Influence of lesion eccentricity
In atherosclerotic arterial lesions, the degree of eccentricity of the plaque has been shown to influence the mechanisms of lumen enlargement during balloon angioplasty because of its effect on vessel stretch.19 Baptista and colleagues showed that the mechanism of vessel expansion is greater in eccentric lesions, similar to our findings in direct stenting. While these investigators found that the amount of plaque reduction increased in concentric lesions (without a disease-free wall), we did not find that eccentric or concentric lesions influenced plaque reduction.
Influence of plaque composition
In previous reports of predilatation stenting, calcification has been shown to inhibit full stent expansion. Nevertheless, calcified plaques were excluded in our study for two reasons: firstly, they are a serious acoustic limitation for image quantification, especially when the arc is greater than 45°; secondly, the safety and efficacy of direct stenting has been shown only in carefully selected populations with uncalcified lesions.4 In the direct stenting group, “soft“ plaques (echolucent and rich in cells and extracellular lipid) were associated with a greater luminal gain owing to greater plaque reduction. In the predilatation stenting group, plaque morphology did not influence lumen gain. However, predilatation stenting of dense plaques resulted in a greater vessel expansion and less plaque reduction. This is consistent with the known biomechanical characteristics of soft plaques, which include a lower elasticity modulus (Young’s modulus) allowing the generation of greater strain for a given stress magnitude, and a consistency that allows potential plaque fragmentation and embolisation.20,21
Qualitative assessment of atheromatous plaque composition in coronary arteries is known to be subjective and is based an experienced operator’s interpretation. We based our work on the European Society of Cardiology classification, as described by Di Mario and colleagues.14 This classification has recently been shown to have good reproducibility and to be highly correlated with histological findings in an in vitro study.22
The assessment of the relative importance of positive or negative remodelling is dependent on the definition used, and different definitions could lead to different results.23
The potential advantage of using the same stent design in order to reduce the variability of the volumetric IVUS methodology can also be a limitation. Mechanisms of lumen enlargement may be different with different stent designs.18,24 The Duet stent delivery system used long balloon shoulders outside the stent and was different from the Tristar stent delivery system.
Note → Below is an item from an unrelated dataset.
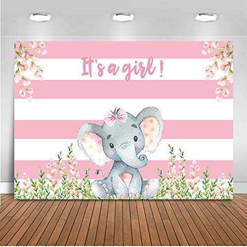 Mehofoto Girl Elephant Baby Shower Backdrop Pink Flower Elephant Photography Background 7x5ft Vinyl Elephant Baby Shower Party Banner Backdrops
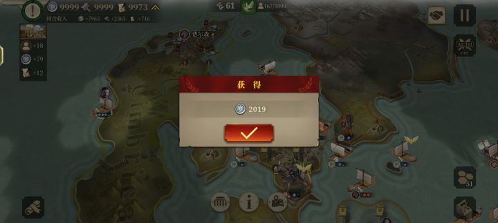 罗马与大汉征服里,大汉右下角有一个与大汉敌对的一城小国,它叫阿尔巴尼亚。一城开局确实人口很急,而且这个国家没有特殊兵种,只能靠属性一般的重骑兵和轻甲弓箭手推图(弓指极度不适),没有强力的弓箭手兵种,推图确实十分拖沓,六十多回合直接俩小时的假期过去了。这个图的日德兰半岛上面的一个城里有2019银币的小彩蛋

The lesions were not calcified, so no conclusions about plaque calcification can be drawn. However, direct stenting is generally dedicated to non-calcified lesions and this criterion was applied to both groups.
We measured 5 mm long reference segments on either side of the stent and showed the first and last 1 mm long volumes undergo significant change, so changes further from the stent are possible.